[DATA FOR ANALYSIS — start]

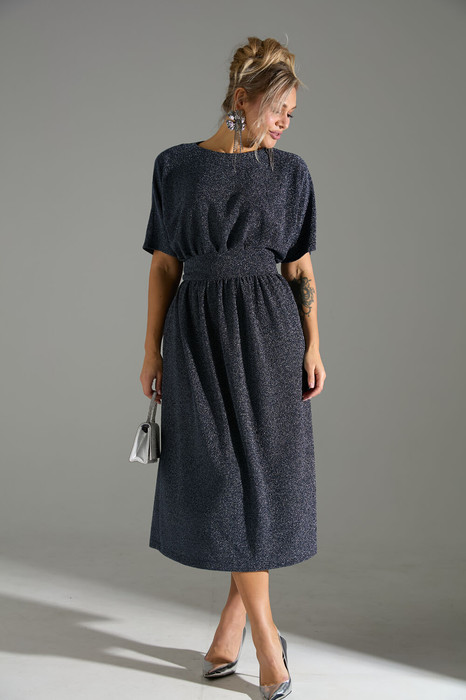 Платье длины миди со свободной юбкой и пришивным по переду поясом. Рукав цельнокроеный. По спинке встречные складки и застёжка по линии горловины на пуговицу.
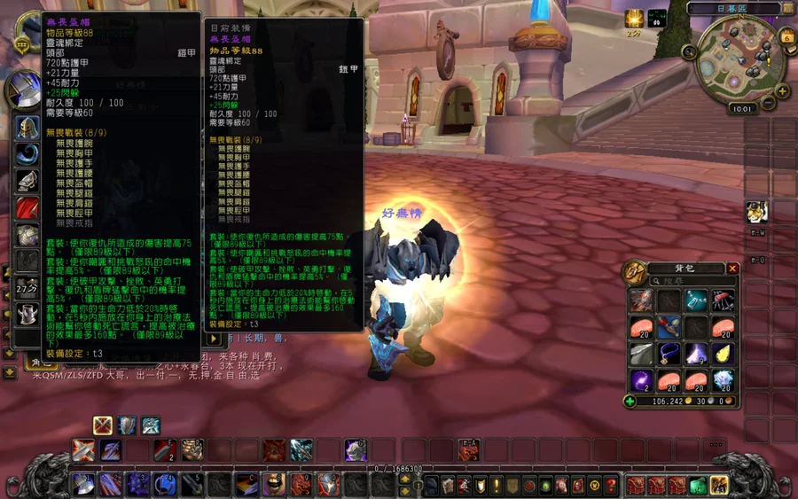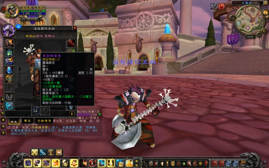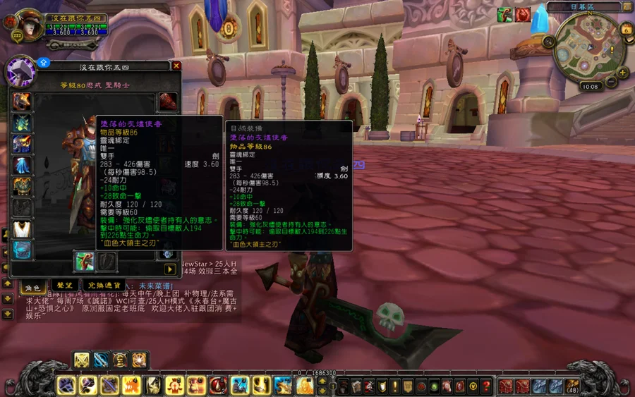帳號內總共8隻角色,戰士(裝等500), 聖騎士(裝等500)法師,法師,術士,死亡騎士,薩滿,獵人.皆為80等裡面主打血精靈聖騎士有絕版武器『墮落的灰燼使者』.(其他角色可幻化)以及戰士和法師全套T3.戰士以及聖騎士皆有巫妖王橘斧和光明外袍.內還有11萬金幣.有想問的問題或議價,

[DATA FOR ANALYSIS — finish]
[DATA FOR ANALYSIS — start]

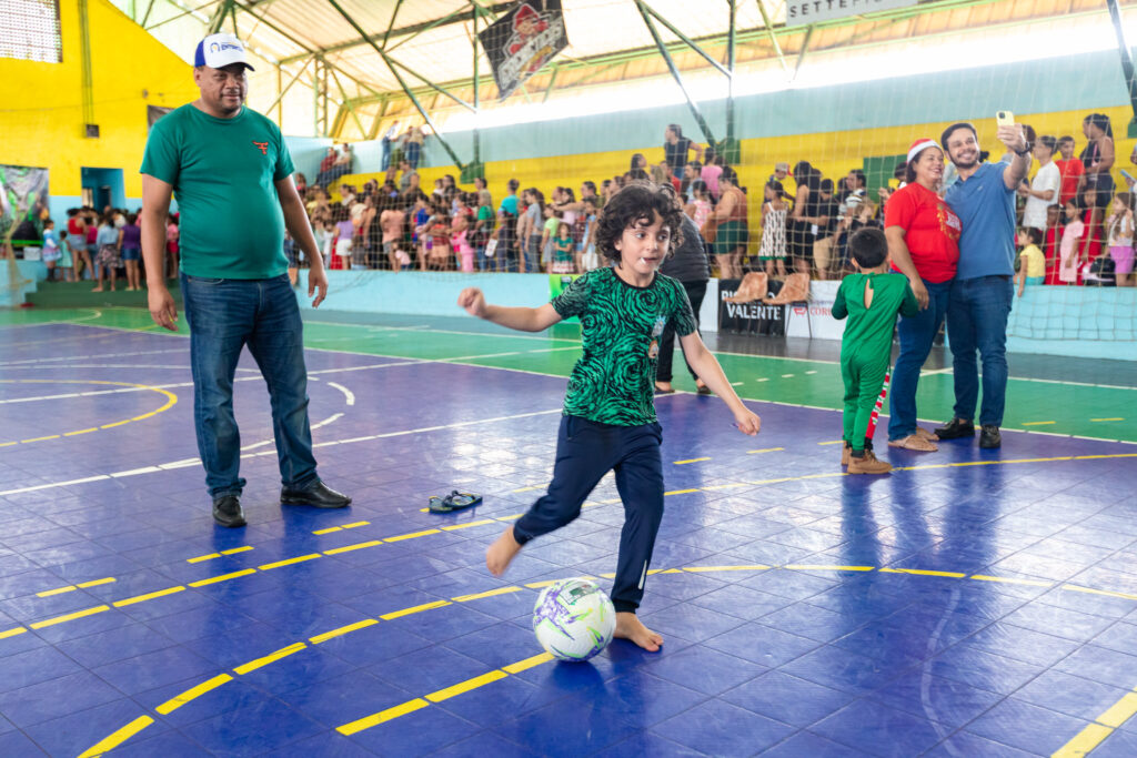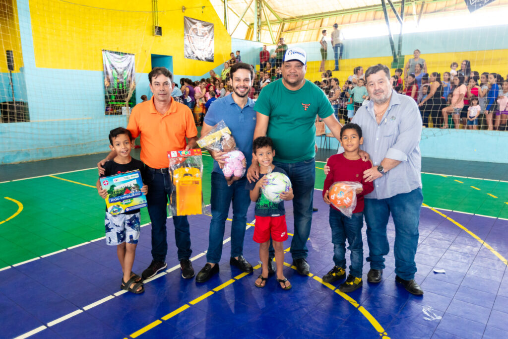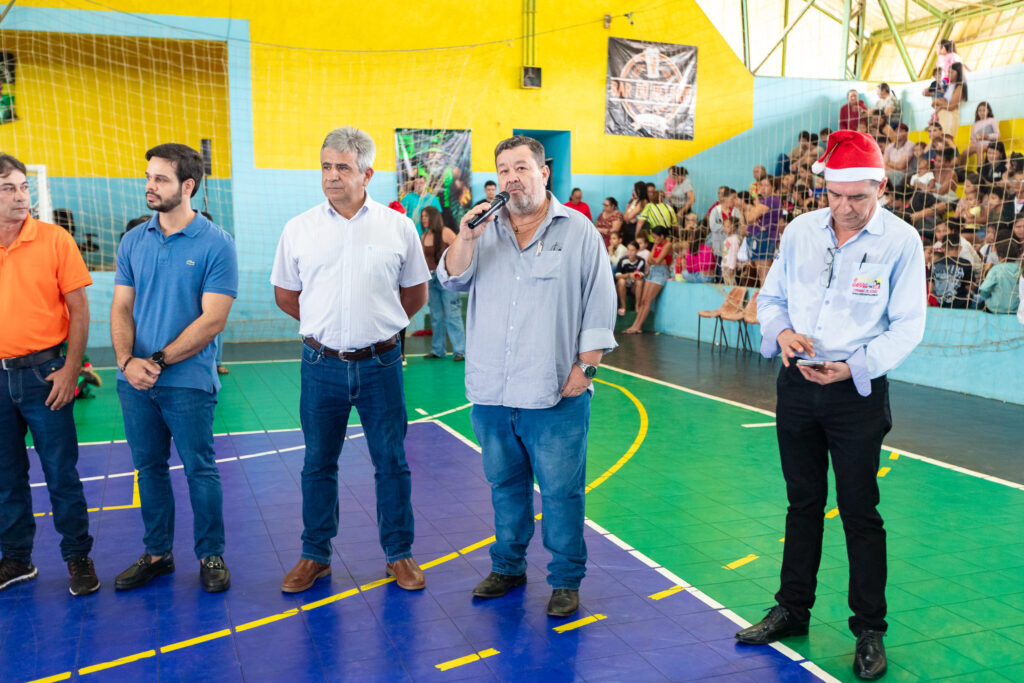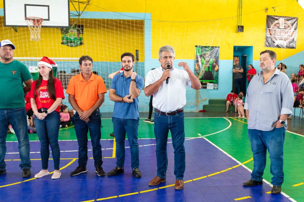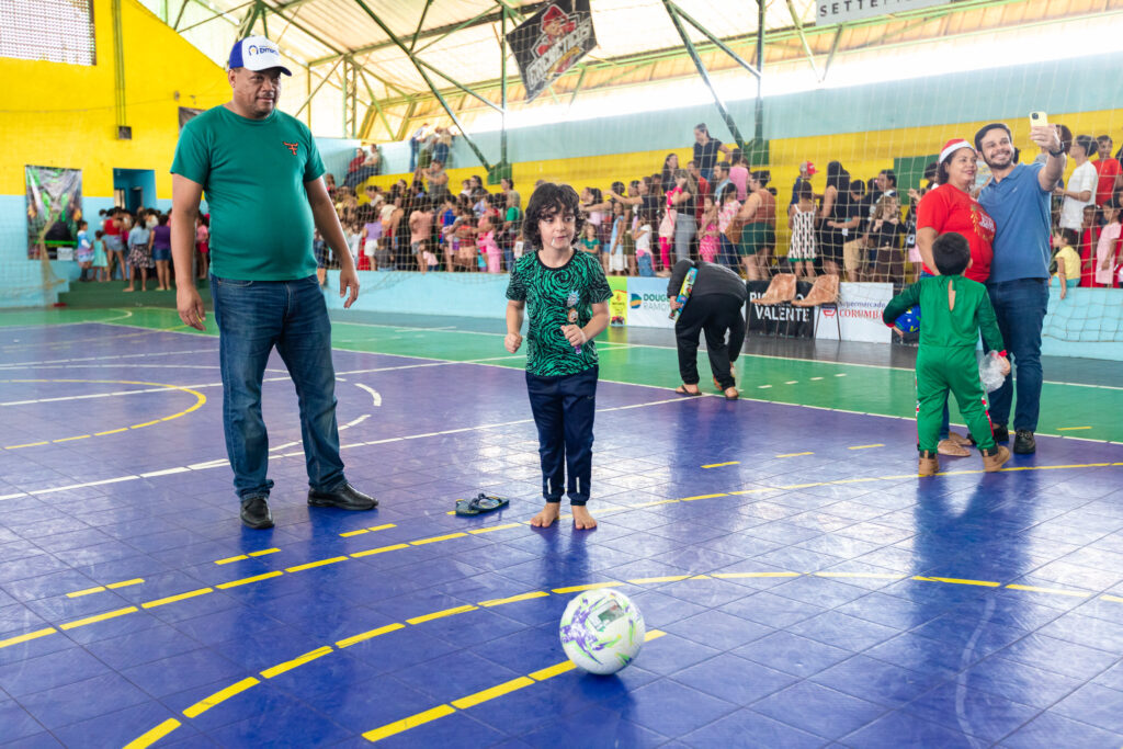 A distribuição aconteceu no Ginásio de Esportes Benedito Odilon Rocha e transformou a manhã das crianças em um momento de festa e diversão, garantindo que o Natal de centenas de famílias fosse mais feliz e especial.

[DATA FOR ANALYSIS — finish]
[DATA FOR ANALYSIS — start]

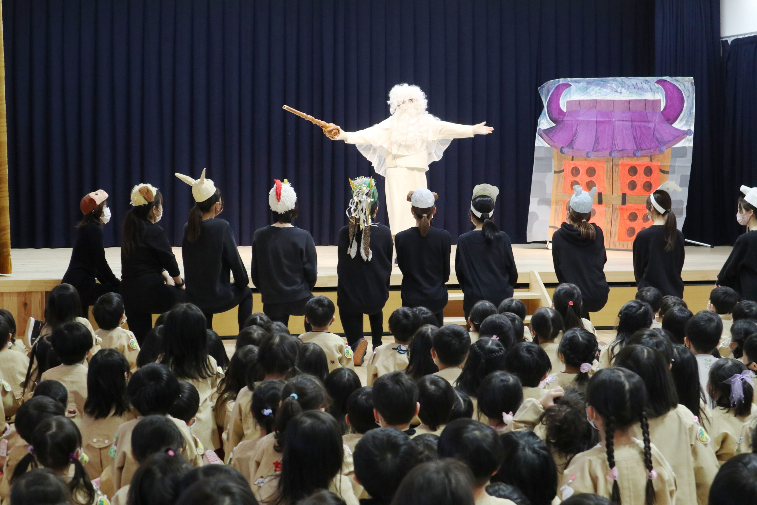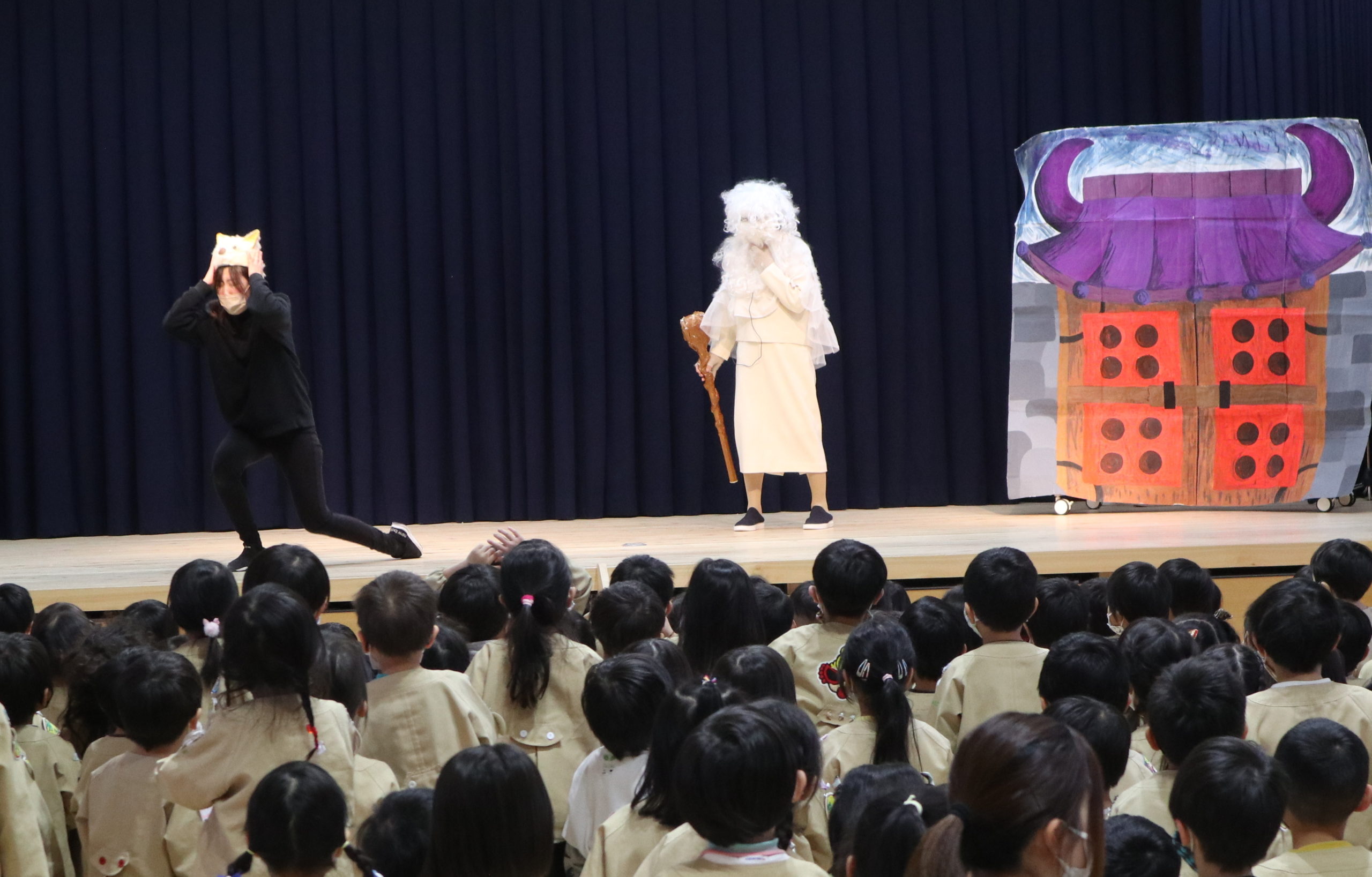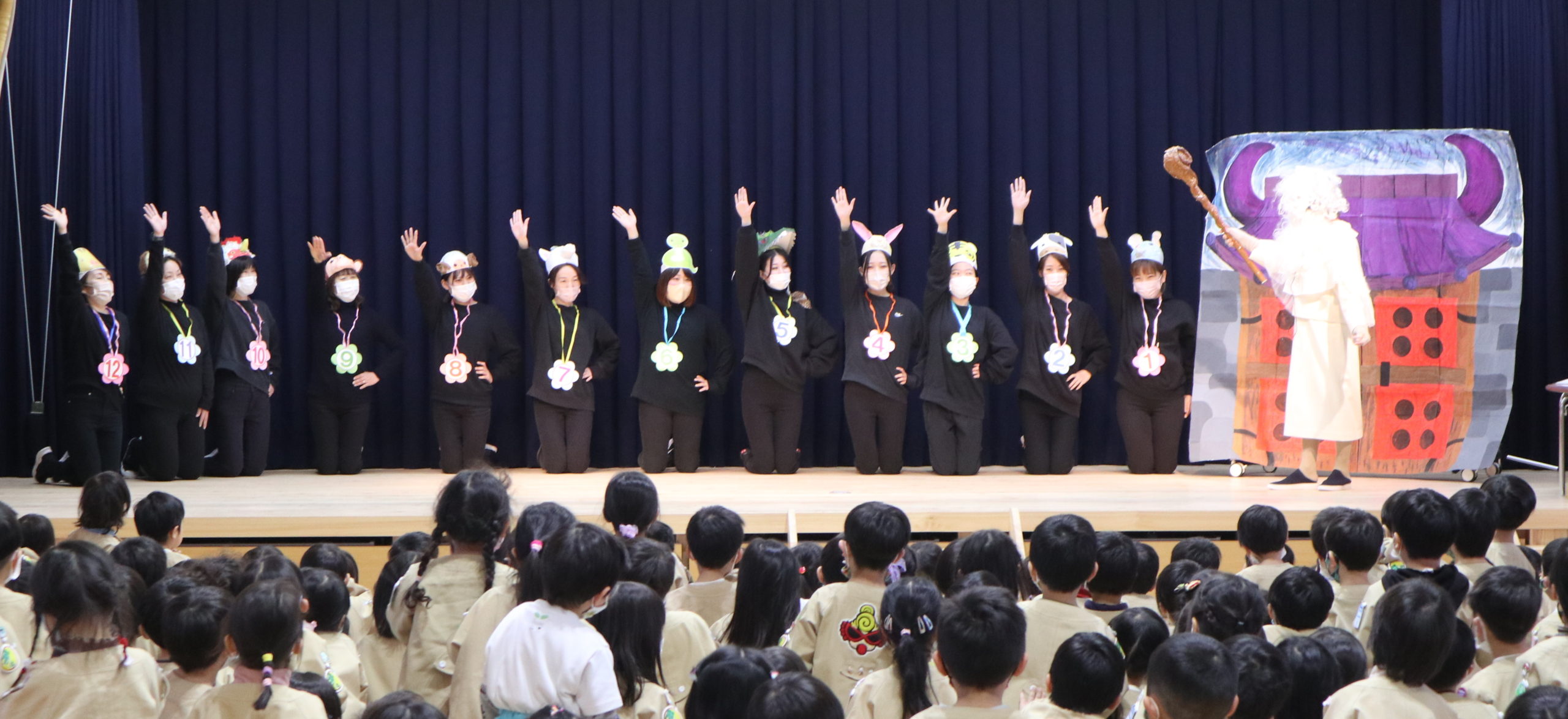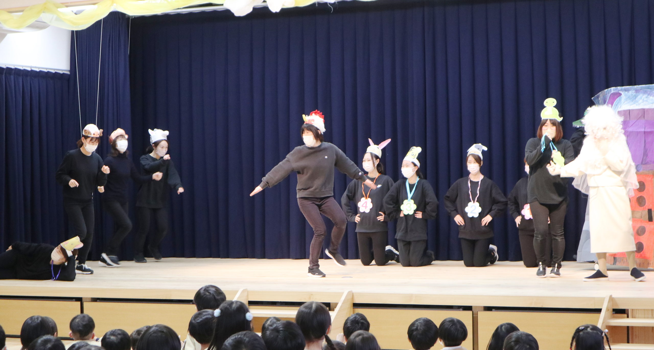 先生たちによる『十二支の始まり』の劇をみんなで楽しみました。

[DATA FOR ANALYSIS — finish]

REQUIRED ACTION -> Please repeat, exactly as written, the lines in the records above, starting with the one that has "Платье длины миди" and going on through the one that has "帳號內總共8隻角色,戰士(裝". Pictures are to be left out.

SOLUTION TO THIS PROBLEM ->
 Платье длины миди со свободной юбкой и пришивным по переду поясом. Рукав цельнокроеный. По спинке встречные складки и застёжка по линии горловины на пуговицу.
帳號內總共8隻角色,戰士(裝等500), 聖騎士(裝等500)法師,法師,術士,死亡騎士,薩滿,獵人.皆為80等裡面主打血精靈聖騎士有絕版武器『墮落的灰燼使者』.(其他角色可幻化)以及戰士和法師全套T3.戰士以及聖騎士皆有巫妖王橘斧和光明外袍.內還有11萬金幣.有想問的問題或議價,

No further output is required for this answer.